Highlights & Insights¶
- Provides the first "native" neural scaling law for Muon rather than adapting worst-case bounds from SGD/SignGD. The \(-2\) exponent vs. GD's \(-(1-1/\beta)\) provides a non-trivial contrast, grounding the empirical observation that Muon is more effective in large-scale training into a formal asymptotic law.
- The technical combination of associative memory + block-symmetric induction + task representation space is highly reusable. Any "SVD-based sign" optimizer can use this framework to calculate scaling laws if the gradient has a "frequency × residual × association" structure.
- The design of TRA-SignGD is clever: it proves Muon's equivalence to "aligned SignGD," accurately attributing Muon's advantage to the automatic alignment capability of SVD rather than a vague notion that "matrix optimization is stronger."
Limitations & Future Work¶
- The model is a single-matrix linear softmax lacking non-linearity, MLPs, or multi-head mechanisms. The scaling law derived here strictly covers factual recall and cannot be directly extrapolated to token-level perplexity in generation.
- Embeddings are assumed to be orthogonal and equal-norm (though authors claim this can be relaxed to near-orthogonal); real pre-training token embeddings are not this clean. The power-law spectrum is also only a first-order Zipf approximation.
- Muon's actual implementation includes momentum (Newton-Schulz iteration to estimate \(\mathrm{msgn}\)). This analysis removes momentum to purify the results; the momentum-free version is equivalent to Spectral GD.

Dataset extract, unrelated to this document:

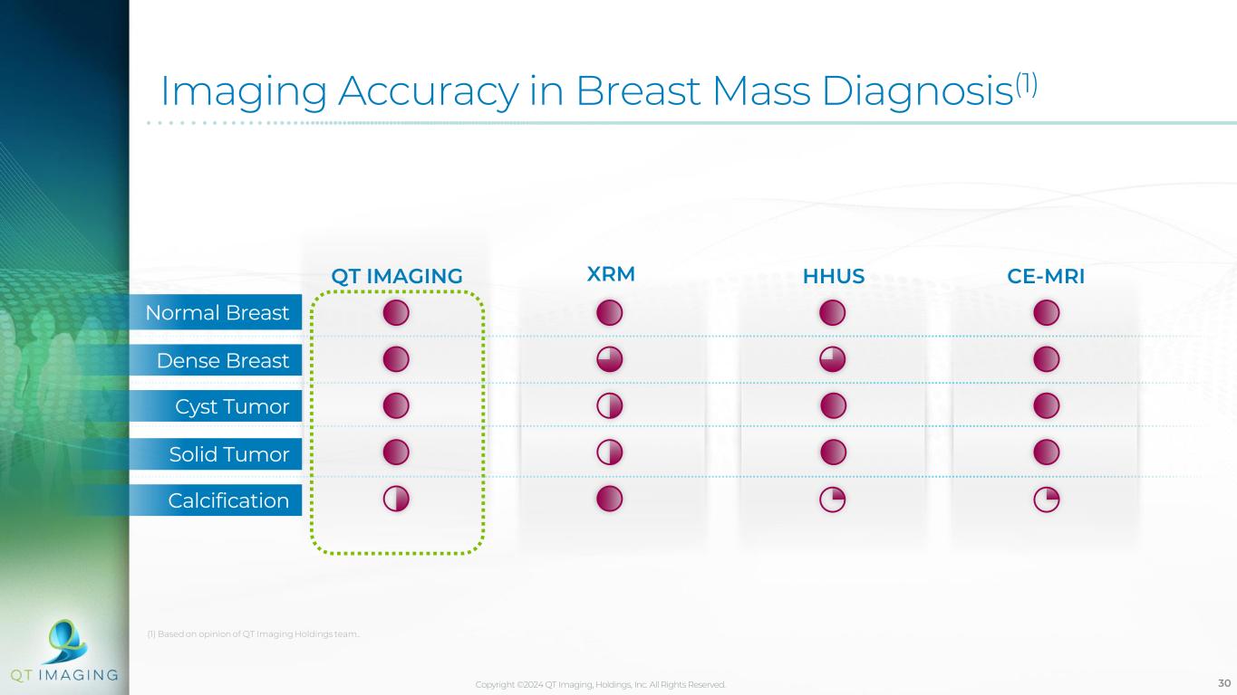 30 Normal Breast Dense Breast Cyst Tumor Solid Tumor Calcification Imaging Accuracy in Breast Mass Diagnosis(1) QT IMAGING HHUSXRM CE-MRI Copyright ©2024 QT Imaging, Holdings, Inc. All Rights Reserved. (1) Based on opinion of QT Imaging Holdings team..

- Future directions: Extending block-symmetric analysis to (i) multi-layer Transformer factual recall stacking, (ii) MoE expert routing frequencies, and (iii) scaling laws under momentum and LR schedulers.
Related Work & Insights¶
- vs Bernstein & Newhouse 2024 / Li & Hong 2025: They provide Muon's worst-case stochastic convergence bounds; this paper provides problem-specific closed-form dynamics and scaling laws, quantitatively explaining the speedup factor.
- vs Wang et al. 2025b: That was an empirical study finding Muon is strong on tail classes; this paper proves it as an \(\Omega(C)\) acceleration and provides the mechanism (implicit preconditioning).
- vs Kunstner & Bach 2025: Extends the scaling analysis framework of SignGD-like methods from bigram models to associative memory and identifies the crucial distinction between \(\mathrm{msgn}\) and \(\mathrm{sgn}\) regarding "oracle alignment."
Rating¶
- Novelty: ⭐⭐⭐⭐⭐ First native scaling law for Muon and discovery of the "\(\mathrm{msgn}\approx \mathbf{I}_K\)" alignment mechanism.
- Experimental Thoroughness: ⭐⭐⭐ Relies mostly on synthetic and small-scale LLaMA training without large-scale ablation.
- Writing Quality: ⭐⭐⭐⭐ Clear theorem layout, preconditioning view section provides strong intuition.
- Value: ⭐⭐⭐⭐⭐ Directly provides a template for theoretical analysis of subsequent spectral optimizers and justifies Muon's scaling gains engineering-wise.